Dr Roberto De Lisa, Clinical Pharmacologist, joined the EMA in 2006. Since then he held various positions in Medical Information and Pharmacovigilance working for the CHMP Pharmacovigilance Working Party (PhVWP) and the Pharmacovigilance Assessment Committee (PRAC). As of 2015 he joined the Paediatric Office working as Paediatric Coordinator with a special interest in paediatric pharmacovigilance. Prior to joining the EMA, Dr De Lisa worked for the University Hospital San Giovanni di Dio in Cagliari for 5 years, conducting clinical trials and participating in the activities of the local Ethic Committee and in the creation of the Pharmacovigilance Centre. He obtained a Master Degree in PharmacoEconomics from the University of Milan in 2005.

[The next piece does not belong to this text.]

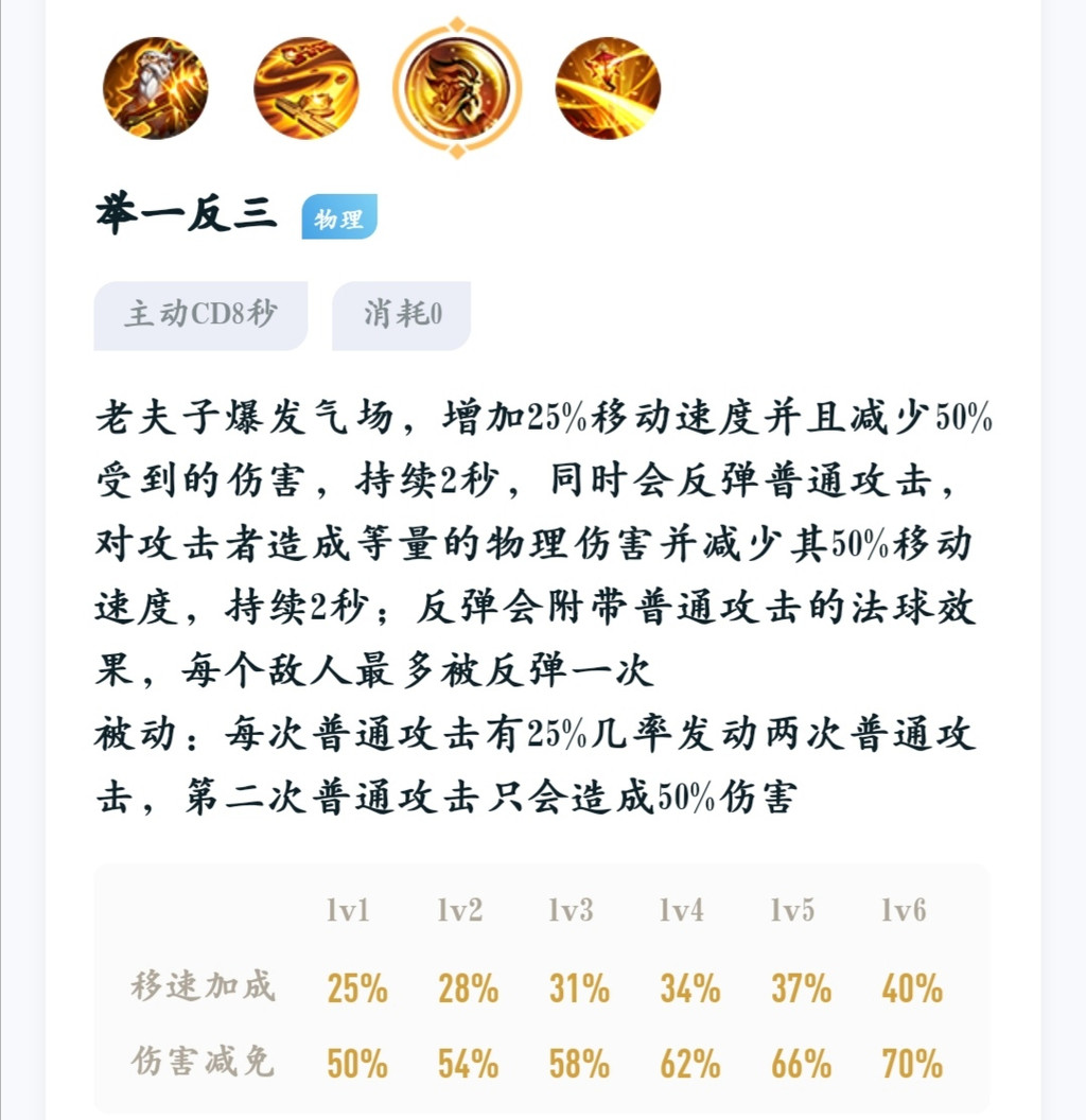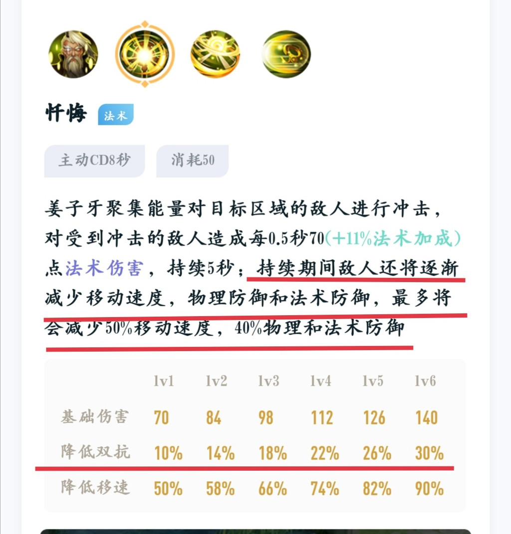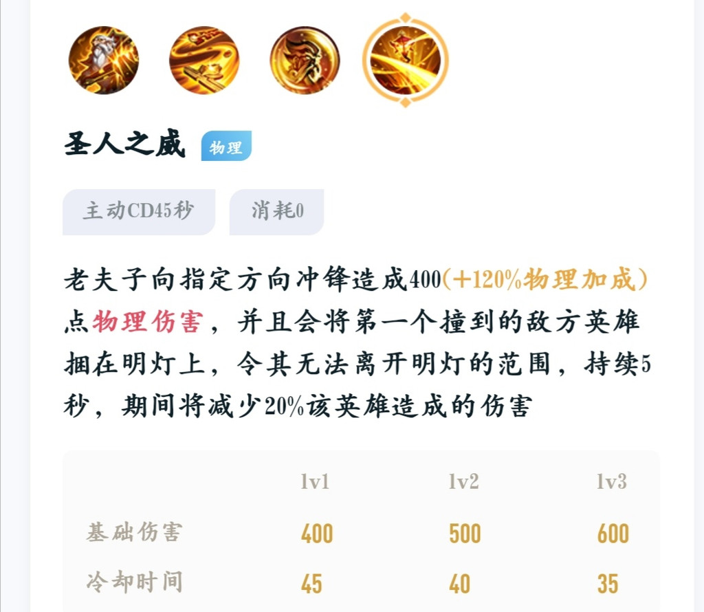 他的一技能有个特殊的机制:减双抗。这里我们能看出,姜子牙随等级的提升技能减少的双抗就会增加,而且还有一个持续伤害。 接下来是老夫子
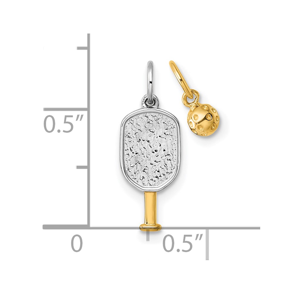 14k with White Rhodium Polished Pickleball Paddle and Ball 2-Piece Charm Pendant Set

Mette is Managing Director of "PIP Adviser" which provides expert regulatory advice on PIPs and PSPs. She has a background in authorities & industry. In the Danish Medicines Agency (2000-2006), she was nonclinical assessor of MAAs and EU Scientific Advice. She was member of the SWP, Gene Therapy WP, Biosimilar WP and PGWP and a rapporteur for CHMP and ICH guidelines. As Scientific Officer in EMA, Mette handled PIP procedures with PDCO, was in the FDA-EMA paediatric cluster and established the PDCO Nonclinical Expert Group. In Novo Nordisk (2009-2017), Mette lead all PIP/PSP procedures, was paediatric strategy advisor across the company and was in the EFPIA paed group. Mette also spent a year as Senior Director in Shionogi, London.